■ **Goal of the exercise**:
Copy the lines below word for word, skipping any image.
(Source data begins)
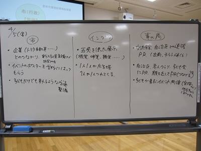 昨日と同じく「eco-TのPRについて」の知恵出しをしました。ワーク形式にするとたくさんの意見を拾うことができます。また、人の意見を聞いているとどんどん話が膨らみ、時間が足りないくらいでした。
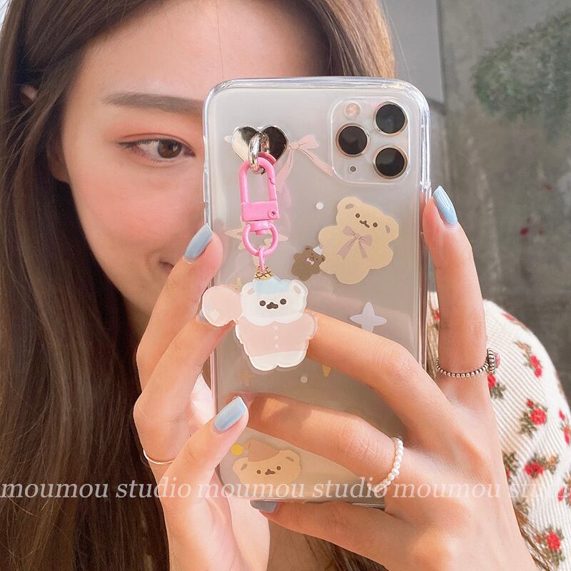 かわいいクマのペンダント携帯電話ケース12promaxシリコンスリーブ12mini 大人ガーリー スウィート キュート カジュアル かわいいA MOMO_A45010535062
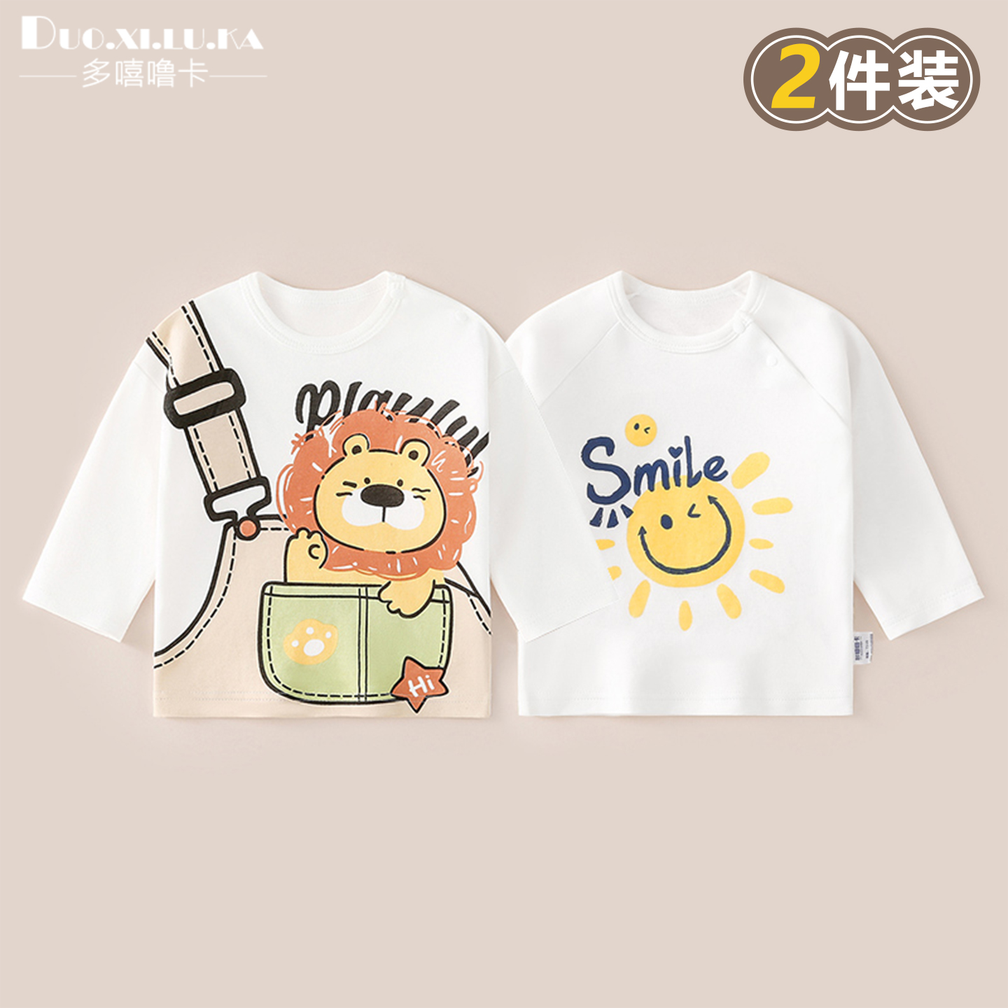 男童秋季 2件装 上衣纯棉女童打底衫 t恤婴儿秋装 衣服洋气 宝宝长袖
(Source data ends)
■ **Result of this exercise**:
 昨日と同じく「eco-TのPRについて」の知恵出しをしました。ワーク形式にするとたくさんの意見を拾うことができます。また、人の意見を聞いているとどんどん話が膨らみ、時間が足りないくらいでした。
 かわいいクマのペンダント携帯電話ケース12promaxシリコンスリーブ12mini 大人ガーリー スウィート キュート カジュアル かわいいA MOMO_A45010535062
 男童秋季 2件装 上衣纯棉女童打底衫 t恤婴儿秋装 衣服洋气 宝宝长袖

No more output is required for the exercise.